_Input data:_

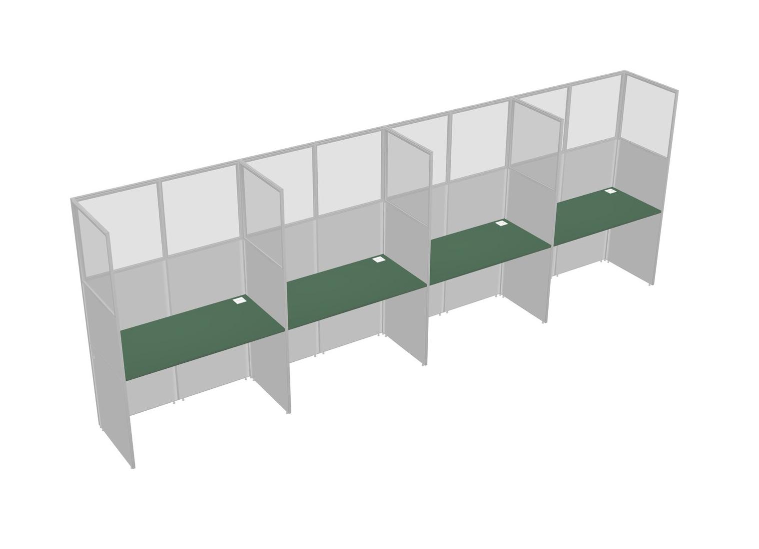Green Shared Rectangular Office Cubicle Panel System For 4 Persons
==
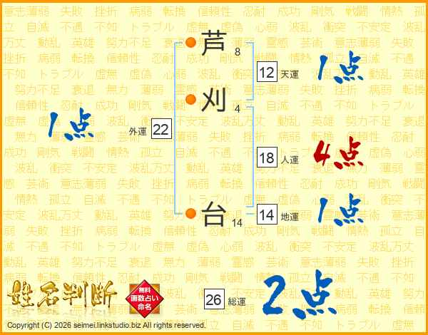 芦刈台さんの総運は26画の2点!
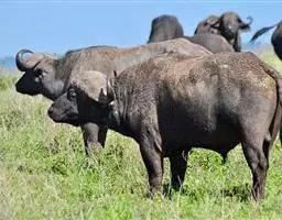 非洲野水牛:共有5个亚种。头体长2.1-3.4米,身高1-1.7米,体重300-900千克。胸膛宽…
...
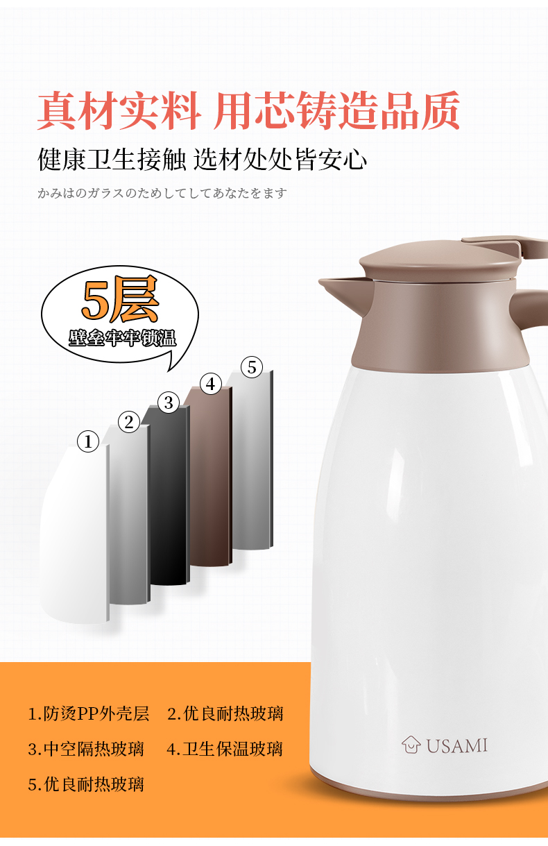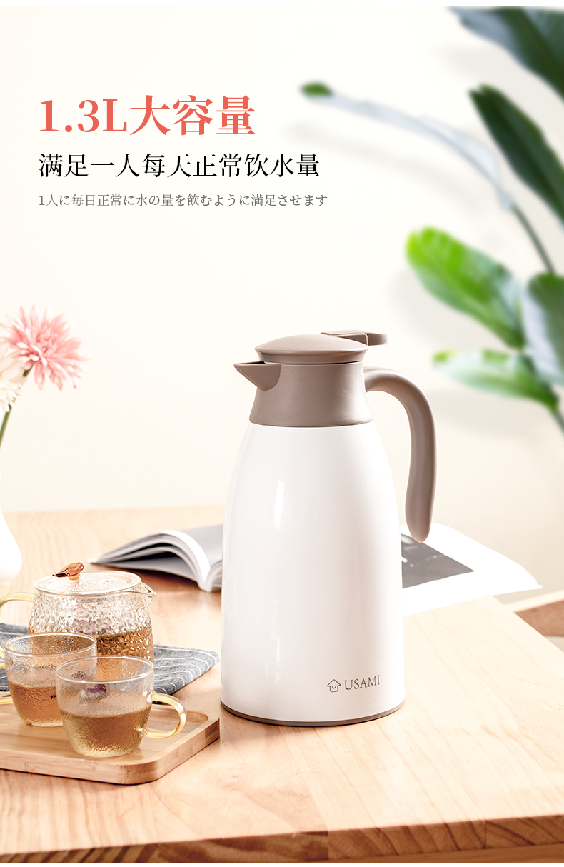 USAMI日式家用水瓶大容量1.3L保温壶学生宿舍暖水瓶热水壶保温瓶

_Problem requirements:_ Within the listing above, find the line containing "芦刈台さんの総運は26画の2点!" and the line containing "非洲野水牛:共有5个亚种。头". Transcribe them and everything between them exactly, leaving out the pictures.

_Your solution:_
 芦刈台さんの総運は26画の2点!
 非洲野水牛:共有5个亚种。头体长2.1-3.4米,身高1-1.7米,体重300-900千克。胸膛宽…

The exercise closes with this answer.